# Something extremely easy

Too bad I've forgot how to do this though. I'll paste the problem:

f(x) = 16000 + 50x + 0.2x^2

What happens if x = x+1 (increase by one)?

I believe it's something like this:

50(x + 1) + 0.2(x+1)^2 ->
50x + 50 + 0.2(x^2 + 2x1 + 1^2) ->
50x + 50 + 0.2x^2 + 0.2x + 0.2 ->
(I'm not sure about the next step because of my bad algebra skills): Possibly ->
50.2x + 50.2 + 0.2x^2
or
50x + 50.2 + 0.4x^2

Thanks. :)

Not to be mean or anything, but it would be best if you found out by yourself... something like this is better not answered by others.

Well, sure. But could you tell me if I was at least thinking correctly?

Yes you were. Look up for "distributive law" on google to get more insight.

VietDao29
Homework Helper
Too bad I've forgot how to do this though. I'll paste the problem:

f(x) = 16000 + 50x + 0.2x^2

What happens if x = x+1 (increase by one)?

I believe it's something like this:

50(x + 1) + 0.2(x+1)^2 ->
50x + 50 + 0.2(x^2 + 2x1 + 1^2) ->
50x + 50 + 0.2x^2 + 0.2x + 0.2 ->
(I'm not sure about the next step because of my bad algebra skills): Possibly ->
50.2x + 50.2 + 0.2x^2
or
50x + 50.2 + 0.4x^2

Thanks. :)
The first 2 lines are correct. However, the 3rd is not.

Ok, I am pretty sure that you have covered the distributive property of multiplication over addition, right?
It goes like this:
a . (b1 + b2 + b3 + ... + bn) = a.b1 + a.b2 + ... + abn

Ok, in your problem, we have:
50 (x + 1) + 0.2 (x2 + 2x + 1)

Apply the above property, we have:
... = 50x + 50 + 0.2 x2 + 0.2 * 2 x + 0.2
= 50x + 50 + 0.2 x2 + 0.4 x + 0.2

I believe you can take it from here. :)

I really, really need to brush up on my algebra.

50x+50 + 0.2x^2 + 0.4x + 0.2

I believe the correct answer was 50.2 + 0.4x. I can't look in my book since a friend borrowed it.

50.4x+50.2 + 0.2x^2 is my answer

I'm not able to solve it. Could you do me a favor and help me out a little? I'm not actually studying math at the moment, I'm just playing around, thus my knowledge is at a bad state.

You might also try putting it in standard form: $$y=a(x-h)^{2}+k$$ where $$(h,k)$$ is the vertex of the parabola. Then, replacing $$x$$ by $$x+1$$ simply shifts the curve 1 unit to the left (ie, decreases $$h$$ by 1). The process is called completing the square.

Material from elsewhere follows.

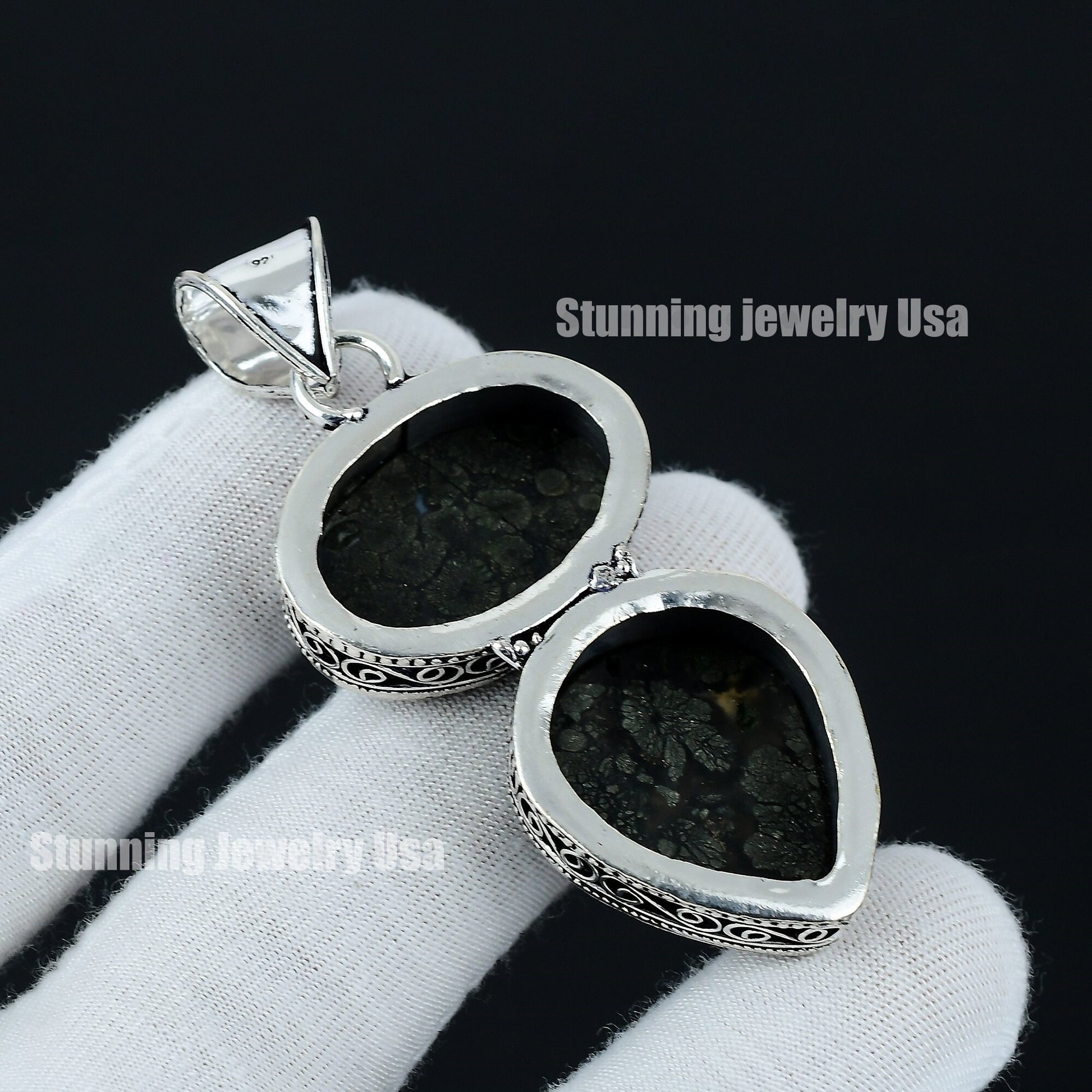 This stunning jewelry piece features two large black agate stones adorned with intricate silver detailing, making it an ideal accessory for any occasion.

$$f(x) = 16000 + 50x + 0.2x^2$$

$$5f(x) = 80000 + 250x + x^2$$

$$5f(x) = 80000 - 15625 + 15625 + 250x + x^2$$

$$5f(x) = 80000 - 15625 + (x + 125)^2$$

$$5f(x) = 64375 + (x + 125)^2$$

$$f(x) = 0.2(x + 125)^2 + 12875$$

So, the vertex is $$(-125, 12875)$$. Replacing $$x$$ by $$x+1$$, we get:

$$f(x + 1) = 0.2(x + 126)^2 + 12875$$

which has a vertex of $$(-126, 12875)$$, one unit to the left of the original.

The nice thing about this method is that you can replace $$x$$ with $$x + anything$$ and it's already simplified.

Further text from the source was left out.